Carteris, who played high school newspaper editor Andrea Zuckerman on the series, had the backing of SAG‑AFTRA Secretary‑Treasurer Amy Aquino and Roberta Reardon, the union’s former co-president. New York Local President Hodge, meanwhile, was backed by Ken Howard, the national president, and Clyde Kusatsu, the union’s newly installed L.A. Local president.

Before a total of 303 ballots were cast, two other candidates joined the race, although neither drew enough votes to influence the outcome. Carteris received 66.5 percent of the vote to 23.22 percent for Hodge. Jane Austin, who ran unsuccessfully for secretary-treasurer on a ticket with Esai Morales, received 10.28 percent. Millie Wright was also a candidate.

“I am so grateful to be elected executive vice president and I look forward to building on the merged union that we created, being one and fighting the good fight,” Carteris said in a statement. “I’m really honored.”

The vote was the climax of a busy first day for the some 350 delegates to SAG-AFTRA’s inaugural convention in Los Angeles.

The morning began with a pair of chest thumping speeches from top union leaders.

More than a year after the merger of SAG and AFTRA, officials made unity the theme of the first gathering of the joint membership.
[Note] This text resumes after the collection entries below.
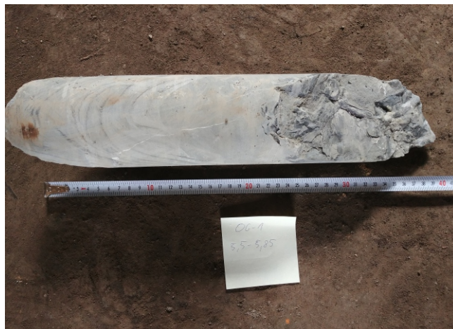
Fot. 1b: OG-1 - 5,5 - 5,85 m. p.p.t.
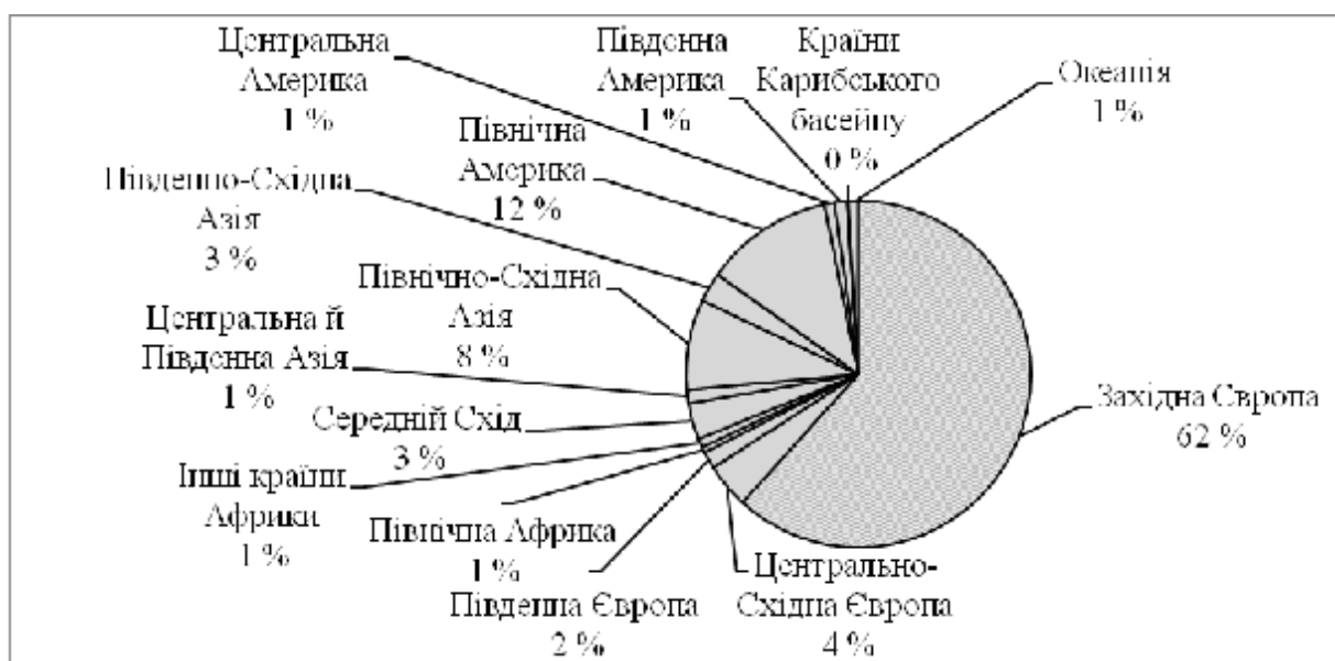
Рис. 2. Експорт товарів Ліхтенштейну за регіонами світу (складено за: [8])
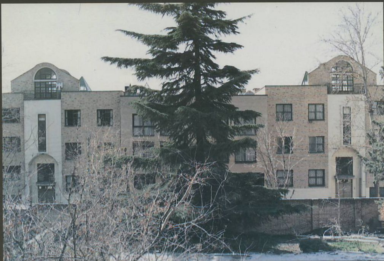
خانه پیرایش. کار فریار جواهریان
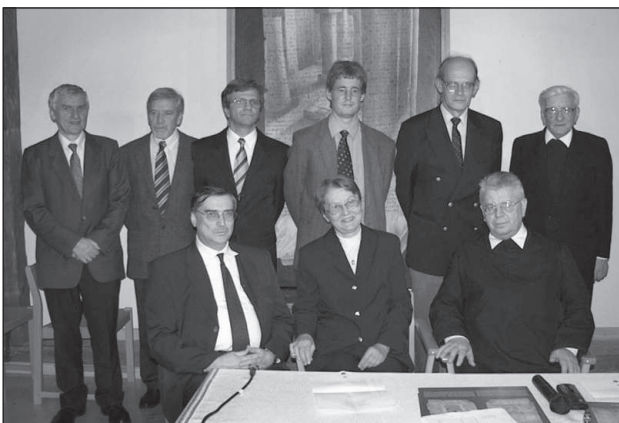
A tihanyi alapítólevél-konferencia előadói, 2005
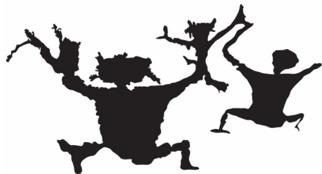
(ii) Ilustrasi Imej
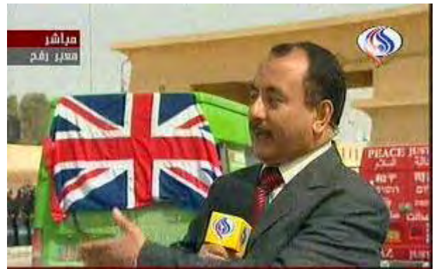
שיירת סיוע בריטית לרצועת עזה עוברת במעבר רפיח (ערוץ אלעאלם, 9 במרץ)
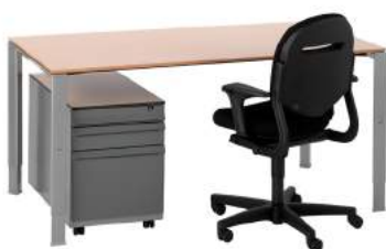
200 / 6
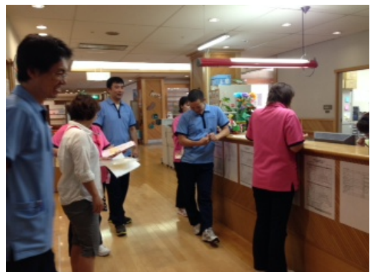
私たち感染対策チームは、月に1回ラウンドを通して、互いに感染予防をしましょうと声をかけています。
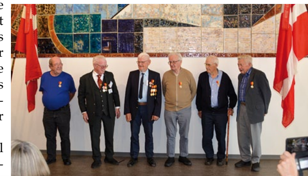
Årgang 54'ere med 70 års medaljen

Heldigvis viste det sig ikke at være tilfældet, for senere blev der serveret anden gang med schnitzler og det hele.
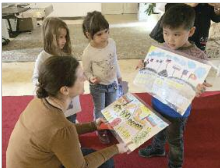
Deti prezidentovi nakreslili aj obrázky.
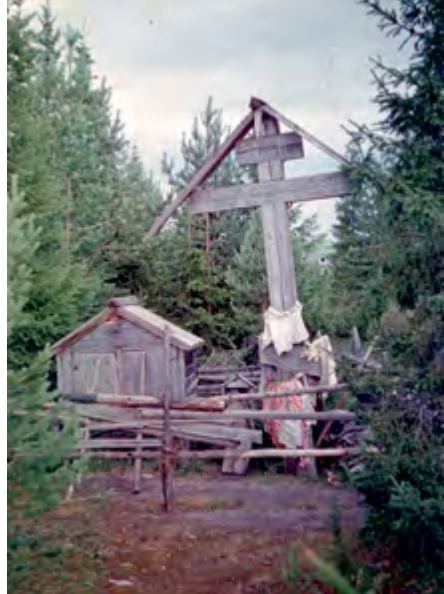
^ Рис. 21. Часовня-келейка около дер. Азополье. Мезень. XIX в. 1971
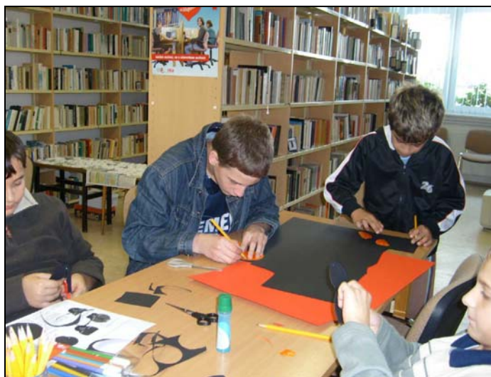
Pillanatkép a foglalkozásról

A Könyves Vasárnapon a mi intézményünk is nyitva tartott. Erre az alkalomra játszóházat is szerveztünk „Mesehősök papírból” címmel, Varjú Jancsit és Sün Balázst készíthettek a gyermekek. Az előző évhez képest sikeres volt a program, főleg azért, mert néhány felnőtt is betévedt.
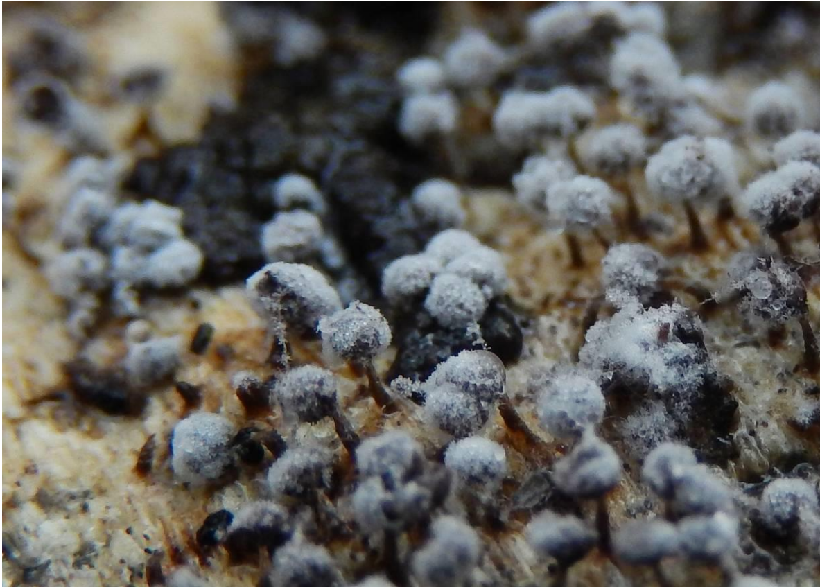
Vlekkig kristalkopje ( Didymium melanospermum ). Hoofdje tweemaal zo groot als kleinvlekkig- of tapsteelkristalkopje. De kristallen kunnen van het hoofdje schuiven en laten dan een bruin hoofdje achter in dezelfde kleur als de steel. Stroopers
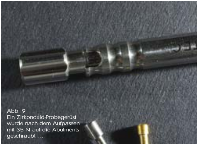
Abb. 9 Ein Zirkonoxid-Probegerüst wurde nach dem Aufpassen mit 35 N auf die Abutments geschraubt ...
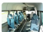
Une ergonomie idéale pour un transport efficace (sièges pliants)
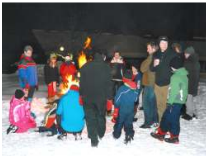
Bålvarme på sletta
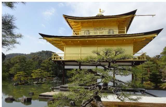
Wunderbar: der Goldene Pavillon in Kyoto
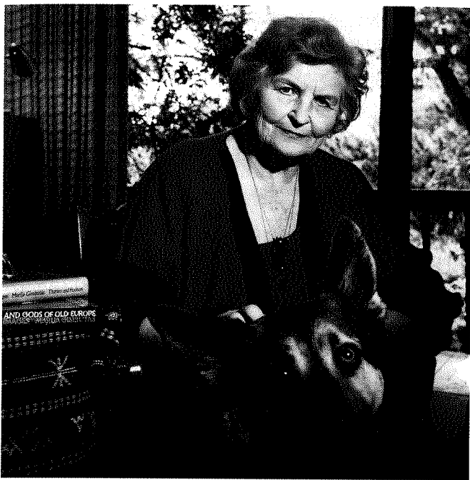
Profesorė savo darbo kambaryje su uoliu namų sargu Meškiu.

Jei rodydavo kokį dėmesio vertą filmą, niekuomet neatsisakys pasižiūrėti. Bet labiausiai mėgo klasikinius koncertus, nors ir per televiziją rodomus, o dar – operas ir baletus.
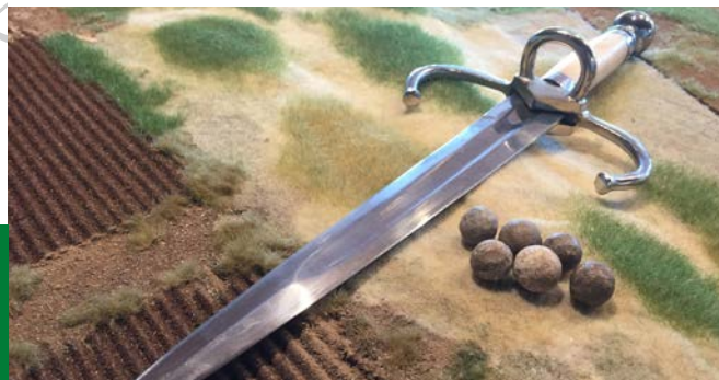
Waffen, Munition und Schlachtfeldfunde von der Schlacht bei Stadtlohn und dem 30-jährigen Krieg.
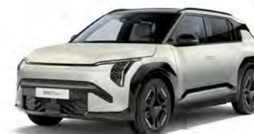
Ivory Silver Mat Kleurcode: ISM
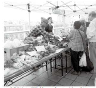
新鮮な野菜や魚などが並ぶ

市内の農・海産物やその加工品などの即売会を開催します。7月30日(土)：大船駅西口ペデストリアンデッキ 午前10時～正午(品物が無くなり次第、終了) 荒天中止 圃産業振興課(内線2481)
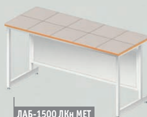
ЛАБ-1500 ЛКн МЕТ
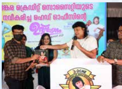
ഉദ്ഘാടനത്തിന് എത്തിയവരിൽ നിന്നും നിരക്കടപ്പിലൂടെ ഗോൾഡ് കോയിനു അർഹയവർ
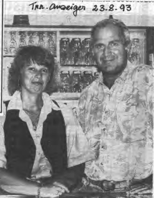
Trn. Amzeigen 23.8.93

Gruppe 2: 1. TV Obing 24:04, 2. SV Bad Häring 21:07, 3. SV Seon 20:08/2,288, 4. SV Hirten 20:08/1,614, 5. ESC Freutsmos 16:12/1,163, 6. TSV Trostberg II 16:12/1,026, 7. EC Bergen 16:12/0,961, 8. SC Anger 14:14/0,922, 9. EV Harpzing 14:14/0,909, 10. TSV Fridolfing 14:14/0,771, 11. TSV Stein-St. Georgen II 12:16, 12. TSV Grabenstätt 08:20, 13. DJK Traunstein 07:21, 14. TSV Marquartstein 05:23, 15. TSV Chieming 03:25.
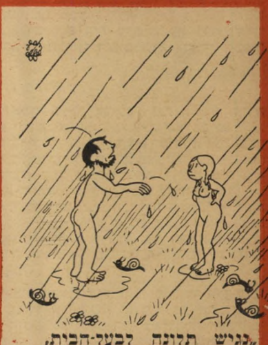
"כניש תלונה לבקר-הבית, הגג דומה!"
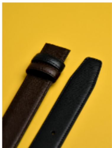
사피아노 블랙 브라운 블랙/브라운 120x3cm FKR10
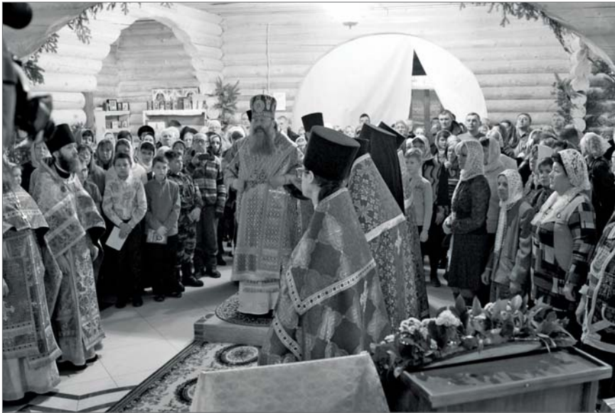
● Праздничная служба в новом Храме
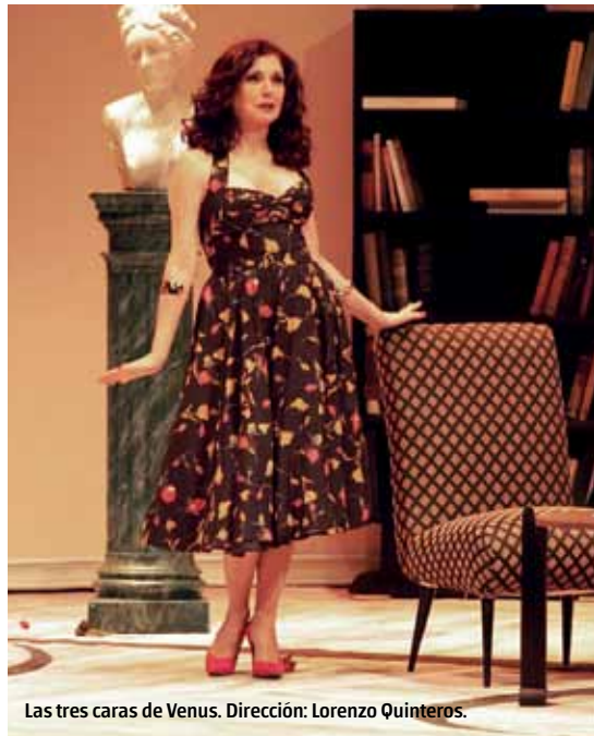
Las tres caras de Venus. Dirección: Lorenzo Quinteros.

propuestas sean más ricas o más pobres en la producción, les cabe el mismo compromiso. En general, se trabaja durante el proceso de ensayos.
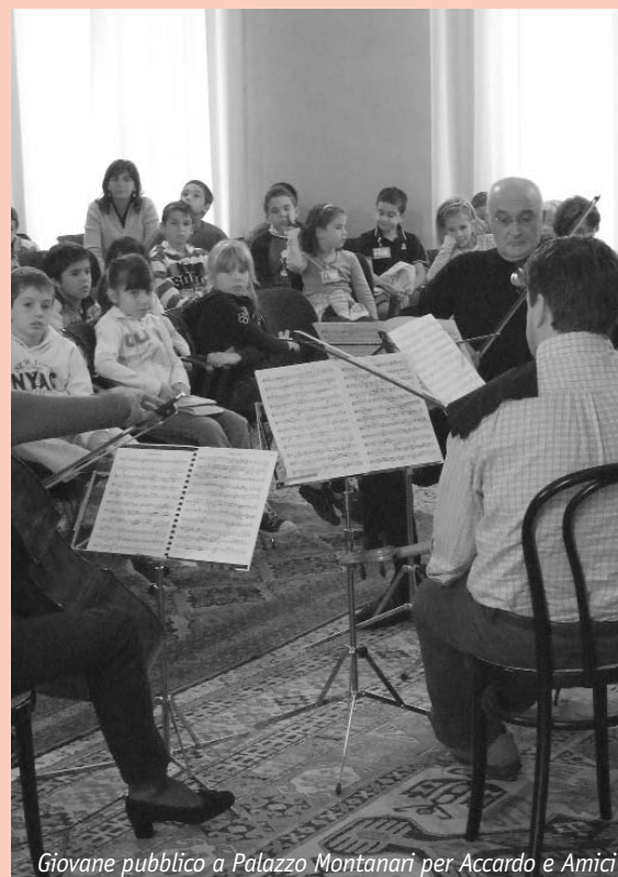
Giovane pubblico a Palazzo Montanari per Accardo e Amici

Considerati gli ottimi riscontri degli anni scorsi, e nella convinzione che l'incontro con musicisti di grande talento ed esperienza costituisca un'utile opportunità formativa per la scuola, si attendono anche quest'anno adesioni da scuole di ogni ordine e grado di tutta la provincia.
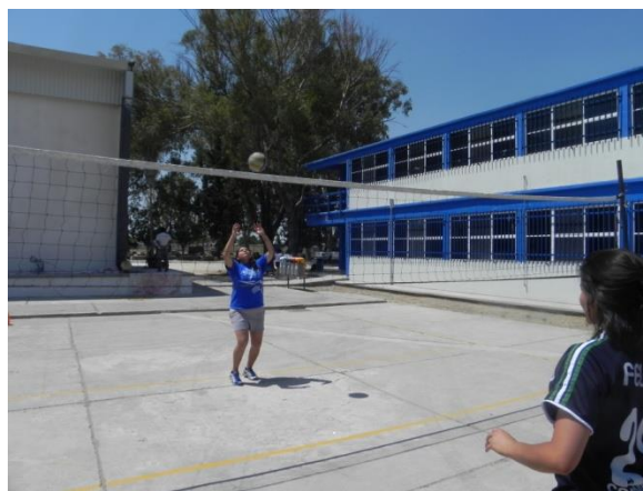
Figura 82. Voleo en tren

10.- Descripción: se formaran 2 filas de frente separadas por la red a una distancia equivalente a la zona de delanteros. Realizar voleo continuo por encima de la red en donde después de haber ejecutado el movimiento el jugador se formara en su misma fila atrás (Figura 82).

And the first speakers to the stage were quick to emphasize how the unions’ unification has led to greater bargaining power.

“Brothers and sisters, we’re stronger when we’re together, it’s that simple,” said AFL-CIO President Richard Trumka. “One of the major goals across our labor movement is strengthening the power of unions. And I have no doubt that the merger of SAG and AFTRA has built a much, much stronger union. It’s a victory for your combined membership.”

Tumpka pointed to the new contract for music video dancers and the union’s work with voice actors in the audio book industry as evidence of its “growing strength.”

“All very, very exciting from our point of view,” he said.

But Trumka turned his speech into a broader call to arms for the labor movement and emphasized the “real solidarity” between unions in different industries.

“I’m not talking about lip service solidarity,” he said. “I’m talking about real solidarity where your fight is my fight. And I don’t ask what the fight’s about. If my brothers and sisters are in a fight, I’m going to come to their aid, whether they’re right or wrong.”

His remarks drew a standing ovation from the crowd at the JW Marriott and captured the mood of an emboldened SAG-AFTRA membership.

Howard remarked as Trumka left the stage: “That’s a man I want follow into a fight.”

Earlier Howard had stressed to the delegates that the merger had put the union into a stronger bargaining position. “We are stronger together, let no one doubt that,” he said. “When we work together we are an unstoppable force. Unity is our greatest strength.”

Some observers have noted the tough talk from SAG-AFTRA could put it into a bind when it comes to bargaining with the Alliance of Motion Picture and Television Producers next year.

“The fact that the unions are technically merged doesn’t in itself mean that they’re going to have more power or that there’s going to be less internal dissension among the various factions,” Day Krolik, who from 2004 to 2010 was responsible for NBCUniversal’s labor relations and talent negotiation, recently told Backstage.